When I was at Stanford for a conference last year, a student there explained the “Duck Syndrome” to me. Imagine a duck gliding gracefully on a calm lake. While everything seems to be smooth on the surface, underneath, the duck is paddling furiously. This, according to the student, symbolizes the culture at Stanford. There are a ton of students there seemingly doing it all without major effort – top marks in school, leadership in extra-curriculars, position in sought-after internships, and CEO at their own start-up to boot. Did they study for that test yesterday? “Barely!” Are they stressed? “Not at all, just loving life!” Behind this facade of ease, however, Stanford students are supposedly working extremely hard when there’s no one around, like a duck paddling on a lake.

While not as severe as that of our West Coast brethren, the Duck Syndrome definitely manifests on the Cornell campus. I am constantly amazed at the feats people pull off around me. Though when it comes to my own undertakings, I think I’m that slightly awkward duck who’s paddling three strokes behind everyone and kind of going in a circle.
Here’s to shattering the illusion that everything is easy.
Every year, my business fraternity, Phi Gamma Nu, organizes a trip to New York City to do firm visits and meet with alumni (both Cornell’s and PGN’s). This year, we visited Citi, Deutsche Bank, and PwC and had small meetings with representatives from Accenture, Deloitte, Oliver Wyman, Ernst & Young, Goldman Sachs, BlackRock, Barclays, BofA Merrill Lynch, and ELLE Magazine, just to name a few. After distributing resume books to the firms, a few of our brothers got interviews/call-backs on that day. At dinner, a dozen or so of our PGN alums came out to dinner with us near Time Square. Nothing makes me happier as an organizer on the trip to see both professional successes and personal friendships forged like that. But let’s be real, when shuttling 25 people to NYC for two days and running around Manhattan like a mad person for 12 hours, it won’t be all smooth sailing. This is what I learned organizing this year’s PGN trip to NYC.

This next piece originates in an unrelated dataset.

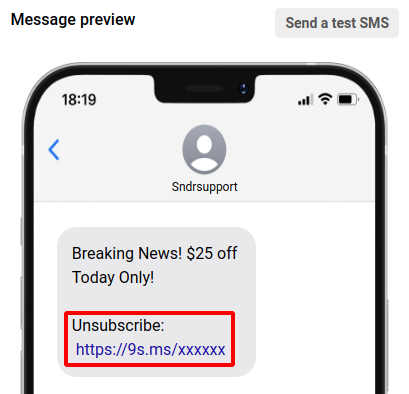 The preview of the SMS campaign and the option to Add Opt-Out instructions:
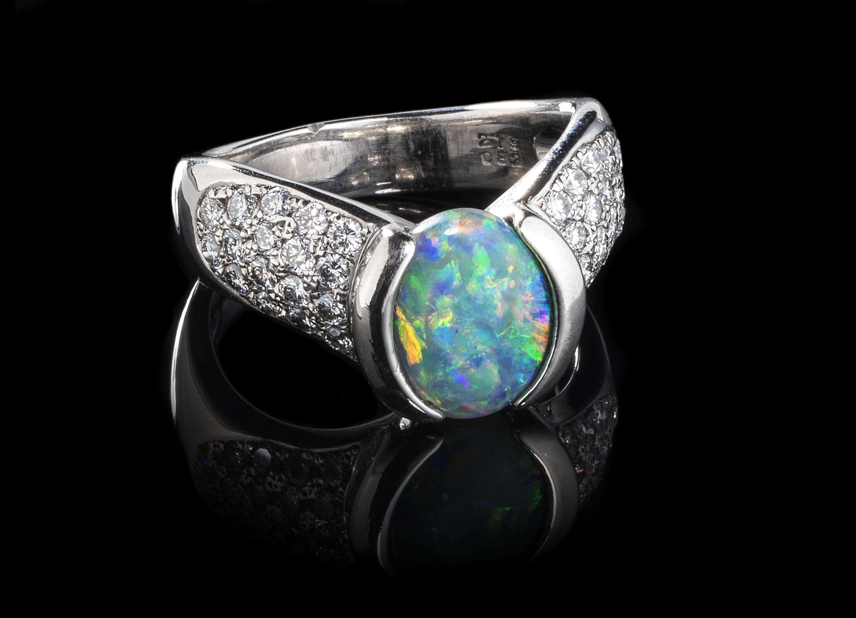 63. Bague sertie d'une opale australienne taille cabochon ovale (env. 1,8 ct)

It’s always the darkest before dawn. Whoever came up with the saying, “blessings never come in pairs, and misfortunes never come singly” pretty much nailed it. It just so happened that the day I picked for the trip months in advance, Friday, November 18th, coincided with firm-wide events at two other Wall Street bulge brackets. That Friday also happened to be the one day when the PGN alums who normally house the brothers were out of town (the traveling perks of being consultants!). On top of that, everyone who were supposed to drive had car issues, license problems, or a combination of both. There were literally moments when my co-organizers and I just sat in Libe Cafe and sighed, and then racked our brains to come up with alternatives.
Things will always work out. When you’re rock bottom in that pit of despair (let’s see how many cliches I can dump in this entry), some angelic force will always come and bail you out. Sometimes they’re just in the form of awesome co-organizers, HR folks, and MDs at investment banks.

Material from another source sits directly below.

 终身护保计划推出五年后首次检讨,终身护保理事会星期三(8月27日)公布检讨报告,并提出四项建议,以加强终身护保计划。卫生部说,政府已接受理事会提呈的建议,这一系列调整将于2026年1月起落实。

Alums are usually amazing and will be willing to talk to you. The folks we reached out to at CAA Sports Management, Teach for America, ELLE Magazine, and the Fashion Institute of Technology were all alums or friends. Some were totally cold-emails to contacts we found in alum databases. Listen up Cornellians: our alum network is AMAZING AND FAR-REACHING. The word “Cornell” will open countless doors for you. In the same vein, when you’re an alum, remember to help out the young’uns who hesitantly send you overly-polite and formal emails. They’ll really appreciate it.
If you ask nicely, people will accommodate you. You’ll never know if you don’t ask. The rejection will never be harsh and the worst response you can get is a silence.
People are smarter than you think and can typically figure things out. For those of you who know about my Europe adventures, you are aware of my neurotic need to plan every single details of an outing. On our trip, I wanted to tell the PGN girls what kind of shoes to bring (flats), the guys what kind of ties to wear (stripes – rising to the right signifying a bull market), and everyone the exact route they should take in between coffee chats (get on the 4/5/6 at Bryant Park, get off at WTC, cross the overpass to WFC). I needed to constantly tell myself to just “chill” and let everyone figure it out. I mean, what’s the worst that could happen? Have three pledges locked out of a Queens apartment and forced to wander around Manhattan til 5 A.M.*? Pssh. No big deal.
* Okay I was genuinely concerned for you guys, but I’m glad it worked out OK… kind of.